Nginx location block section have a search order, a modifier, an implicit match type and an implicit switch to whether stop the search on match or not. the following array describe it for regex.
# --------------------------------------------------------------------------------------------------------------------------------------------
# Search-Order Modifier Description Match-Type Stops-search-on-match
# --------------------------------------------------------------------------------------------------------------------------------------------
# 1st = The URI must match the specified pattern exactly Simple-string Yes
# 2nd ^~ The URI must begin with the specified pattern Simple-string Yes
# 3rd (None) The URI must begin with the specified pattern Simple-string No
# 4th ~ The URI must be a case-sensitive match to the specified Rx Perl-Compatible-Rx Yes (first match)

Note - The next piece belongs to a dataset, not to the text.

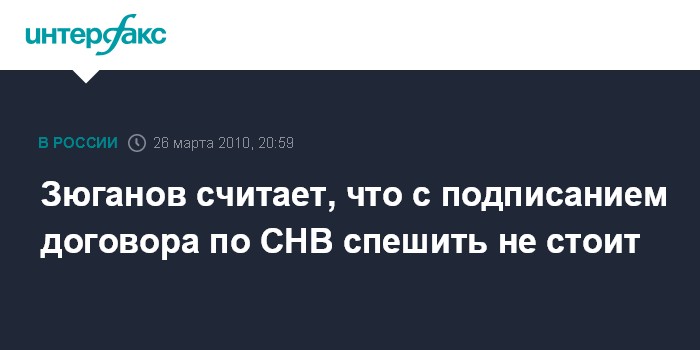 Москва. 26 марта. INTERFAX.RU - Лидер КПРФ Геннадий Зюганов призывает не спешить с подписанием нового российско-американского договора по СНВ и его ратификацией парламентом обеих стран.

# 4th ~* The URI must be a case-insensitive match to the specified Rx Perl-Compatible-Rx Yes (first match)
# N/A @ Defines a named location block. Simple-string Yes
# --------------------------------------------------------------------------------------------------------------------------------------------
Capturing group, expression evaluation ()
are supported, this example location ~ ^/(?:index|update)$
match url ending with example.com/index and example.com/update
# -----------------------------------------------------------------------------------------
# () : Group/Capturing-group, capturing mean match and retain/output/use what matched
# the patern inside (). the default bracket mode is "capturing group" while (?:)
# is a non capturing group. example (?:a|b) match a or b in a non capturing mode
# -----------------------------------------------------------------------------------------
# ?: : Non capturing group
# ?= : Positive look ahead
# ?! : is for negative look ahead (do not match the following...)
# ?<= : is for positive look behind
# ?<! : is for negative look behind
# -----------------------------------------------------------------------------------------
Not to confuse with the regex slash \
, In nginx the forward slash /
is used to match any sub location including none example location /
. In the context of regex support the following explanation apply
# -----------------------------------------------------------------------------------------
# / : It doesn't actually do anything. In Javascript, Perl and some other languages,
# it is used as a delimiter character explicitly for regular expressions.
# Some languages like PHP use it as a delimiter inside a string,
# with additional options passed at the end, just like Javascript and Perl.
# Nginx does not use delimiter, / can be escaped with \/ for code portability
# purpose BUT this is not required for nginx / are handled literally
# (don't have other meaning than /)
# -----------------------------------------------------------------------------------------
The first purpose of the regex special character \
is meant to escape the next character; But note that in most case \
followed by a character have a different meaning, a complete list is available here.
Nginx does not require escaping the forward slash /
it does not either deny escaping it like we could escape any other character. and thus \/
is translated/matching /
. One purpose of escaping forward slashes in the context of nginx could be for code portability.
Here is a non exhaustive list of regex expression that can be used
# -----------------------------------------------------------------------------------------
# ~ : Enable regex mode for location (in regex ~ mean case-sensitive match)
# ~* : case-insensitive match
# | : Or
# () : Match group or evaluate the content of ()
# $ : the expression must be at the end of the evaluated text
# (no char/text after the match) $ is usually used at the end of a regex
# location expression.
# ? : Check for zero or one occurrence of the previous char ex jpe?g
# ^~ : The match must be at the beginning of the text, note that nginx will not perform
# any further regular expression match even if an other match is available
# (check the table above); ^ indicate that the match must be at the start of
# the uri text, while ~ indicates a regular expression match mode.
# example (location ^~ /realestate/.*)
# Nginx evaluation exactly this as don't check regexp locations if this
# location is longest prefix match.
# = : Exact match, no sub folders (location = /)
# ^ : Match the beginning of the text (opposite of $). By itself, ^ is a
# shortcut for all paths (since they all have a beginning).
# .* : Match zero, one or more occurrence of any char
# \ : Escape the next char
# . : Any char
# * : Match zero, one or more occurrence of the previous char
# ! : Not (negative look ahead)
# {} : Match a specific number of occurrence ex. [0-9]{3} match 342 but not 32
# {2,4} match length of 2, 3 and 4
# + : Match one or more occurrence of the previous char
# [] : Match any char inside
# --------------------------------------------------------------------------------------------
location ~ ^/(?:index)\.php(?:$|/)
location ~ ^\/(?:core\/img\/background.png|core\/img\/favicon.ico)(?:$|\/)
location ~ ^/(?:index|core/ajax/update|ocs/v[12]|status|updater/.+|oc[ms]-provider/.+)\.php(?:$|/)